Meine Krankenkasse riet mir neulich, ich solle mehr Videogames spielen. Das trainiere das Gedächtnis, verlangsame den Alterungsprozess des Gehirns, helfe bei Depressionen und Einsamkeitsgefühlen und setze bei Erfolgserlebnissen das Glückshormon Dopamin frei.
Nun ja, mir mussten sie das eigentlich nicht sagen. Ich daddel gerne mal. Deshalb kann ich da sogar noch Hilfreiches hinzufügen. Mit Videogames kann ich nämlich zudem auch meine Allmachtsphantasien und Autokratengelüste ausleben. Zum Beispiel, indem ich einen Barbarenstamm mit Investitionen in saubere Schultoiletten zur Weltmacht führe.
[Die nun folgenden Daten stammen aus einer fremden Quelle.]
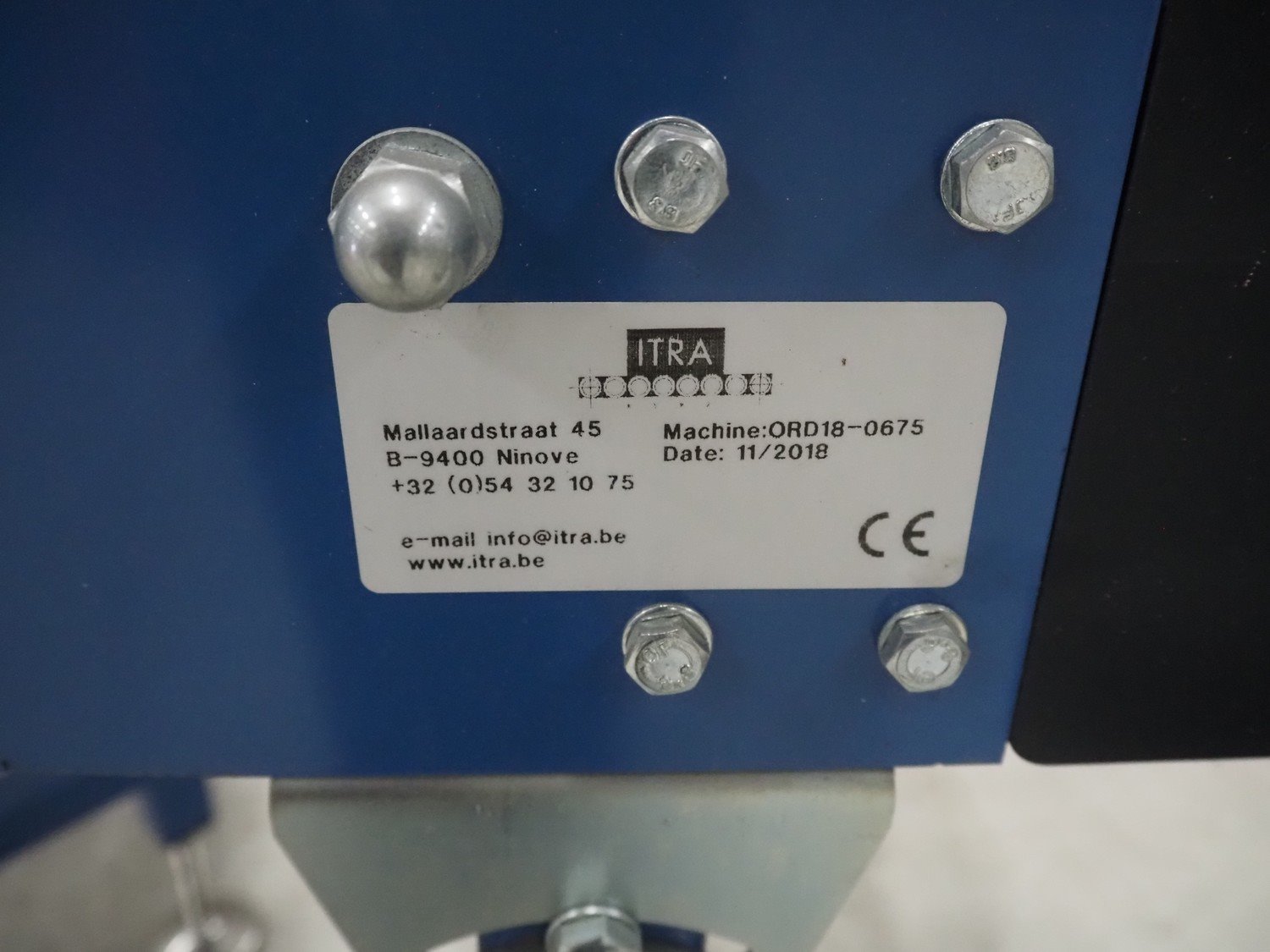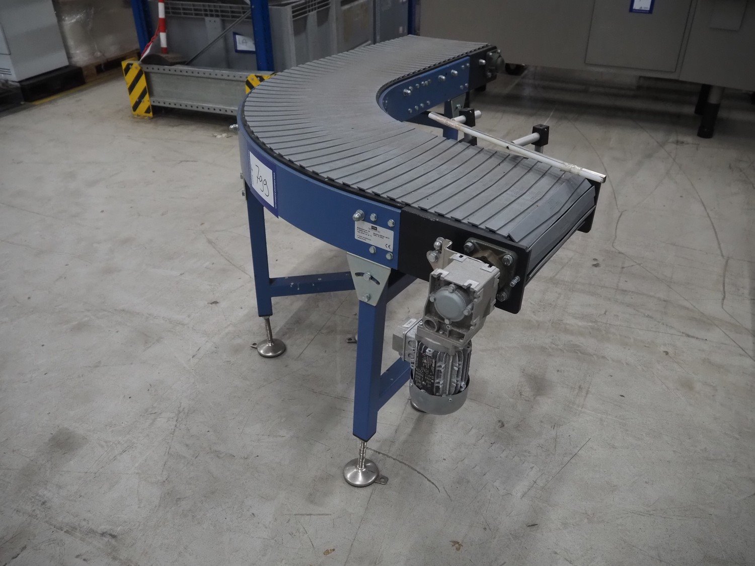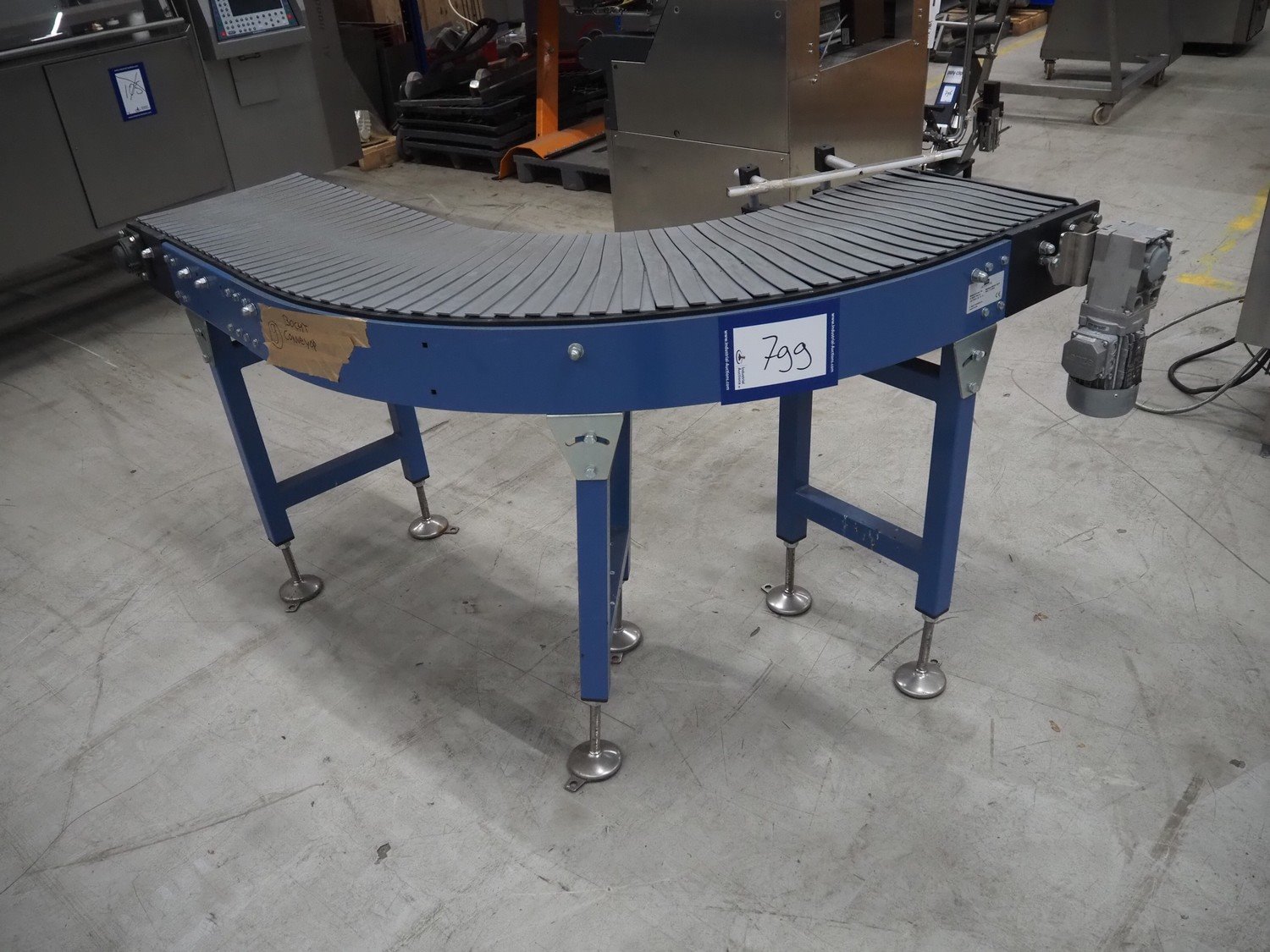 Itra 90° curve conveyor, number: ORD18-0675, year of construction: 11/2018, steel frame, plastic belt, belt width: 400 mm, total dimensions: 1800 mm x 1350 mm x 920 mm.

Sogar den »Club« habe ich schon in die Champions League gehievt. Da haut es einem das Dopamin nur so raus. Auch als Gans ein ganzes Dorf möglichst effektiv zu nerven, bereitet mir neuerdings tierische Freude.
Nichts ist es allerdings mit den positiven Gesundheitseffekten, wenn man schon an einer komplizierten Steuerung scheitert, permanent verliert oder dauernd aufgefordert wird, seine Kreditkartennummer einzugeben.
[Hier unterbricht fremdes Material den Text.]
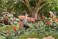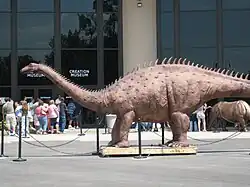 Dinosaurs are prominently featured in many areas of the museum. Prior to the museum's opening, Ham stated, "We're putting evolutionists on notice: We're taking the dinosaurs back... They're used to teach people that there's no God, and they're used to brainwash people. Evolutionists get very upset when we use dinosaurs."[50] While some of the museum's dinosaur models are animatronic, many were sculpted from fiberglass by a taxidermist.[51][52] Near the museum's lobby, a diorama depicts two ancient-age children playing near a stream, unmolested by nearby dinosaurs.[53]

Beim aktuell beliebtesten Spiel »Minecraft« habe ich regelmäßig schon in der ersten Nacht den Löffel abgegeben. Bei »Fortnite« waren es die Husks, die mich killten. Bei »Civilization« wiederum war ich gerade dabei, meinen ersten Bogenschützen auszubilden, da standen die Zulus bereits mit einer Armee vor meiner Hauptstadt und haben diese platt gemacht. Dopamin bleibt da natürlich ein Fremdwort.
Nachgerade in Verzweiflung gestürzt hat mich jedoch »Social Democracy«. Hier übernimmt man im Jahr 1928 die SPD und muss durch geeignete Entscheidungen verhindern, dass die Nazis an die Macht kommen. Das Spiel gibt es nur auf Englisch. Ist wohl auch besser so. Ich habe es jedenfalls trotz niedrigstem Level und mehrfacher Versuche nicht geschafft, nach der Wahl 1933 den Satz »Germany is lost« zu vermeiden. Das zieht wirklich runter. Da überlegt man sich vor lauter Depression sogar auszuwandern. Aber zahlt das die Krankenkasse?